Sarah Davachi (born 1987 in Calgary, Alberta) is a Canadian experimental musician and composer of electroacoustic and minimalist music. She is a pianist and an organist.

She is a graduate of the University of Calgary and holds a master's degree in electronic music and recording media from Mills College in Oakland, California. She has resided in Vancouver, British Columbia and Montreal, Quebec before relocating to Los Angeles, California in 2017 to pursue a PhD in Musicology at UCLA.

Davachi's music has been issued by numerous labels including Late Music, Superior Viaduct, Ba Da Bing, Recital, and Important Records.

Career 
Sarah Davachi is a composer and performer whose work is concerned with the close intricacies of timbral and temporal space, utilizing extended durations and considered harmonic structures that emphasize gradual variations in texture, overtone complexity, psychoacoustic phenomena, and tuning and intonation. Her compositions span solo, chamber ensemble, and acousmatic formats, incorporating a wide range of acoustic and electronic instrumentation. She is similarly informed by minimalist and longform tenets, early music concepts of form, affect, and intervallic harmony, as well as experimental production practices of the electroacoustic studio environment.

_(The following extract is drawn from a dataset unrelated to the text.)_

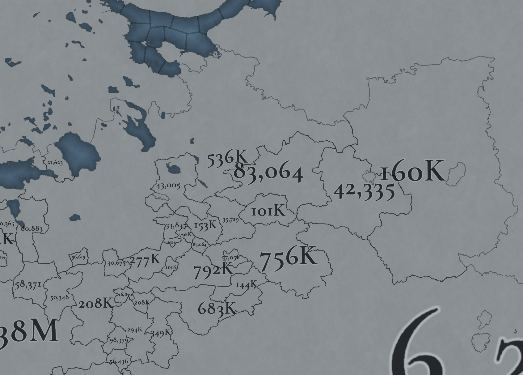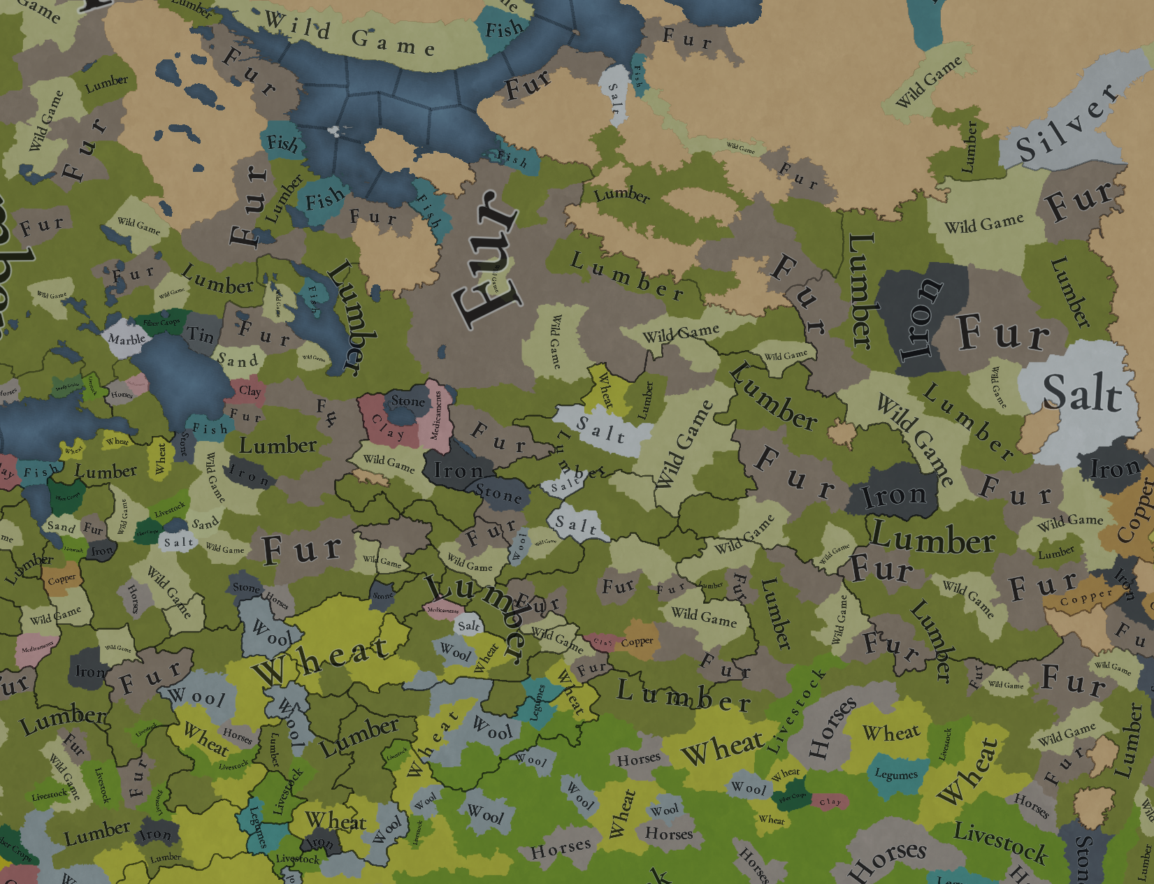Разработчики Project Caesar подготовили несколько карт разного типа — территориальную, культурную, ресурсную, демографическую и не только (больше можно найти по ссылке).

Davachi's compositional practice combines an interest in electronic instrumentation with contemporary treatment of orchestral acoustic instruments. She is also described as a drone artist. "Part of her success," wrote Resident Advisor, “comes from her musicality: she approaches drone with a fetching, but never facile, sense of melody.” According to The Stranger, "currently, Davachi is the closest thing we have to a hybrid of Éliane Radigue and Terry Riley." According to the Getty Museum, where she was invited to create experiential soundtracks to Robert Irwin's Central Garden, "Davachi is among the preeminent emerging composers and performers of electroacoustic music."

Her first full-length LP release, Barons Court, was released in 2015. The album presented an unusual combination of sonic synthesis and live performance, featuring vintage synthesizers, cello, viola and other instruments, aiming for a novel approach to beat frequencies and drones. “Though she doesn't dumb it down,” wrote Resident Advisor, “this was experimental ambient music that almost anyone could enjoy.” Her album Vergers was released in 2016 by Important Records, featuring only one electronic instrument (an EMS Synthi 100 synthesizer), plus violin and Davachi's voice. In 2016 Davachi also released the album Dominions.

All My Circles Run, a suite of studies for solo acoustic instruments, was released in early 2017 by Students of Decay. "Like Brian Eno at his solo best," Pitchfork wrote, "it's the sort of ambience that doesn't flood, that hovers precariously somewhere between the conscious and the unconscious, barely-there and indisputably present." The music on her 2018 album Let Night Come On Bells End the Day, was described by the Chicago Reader as "meditative" and "hypnotic."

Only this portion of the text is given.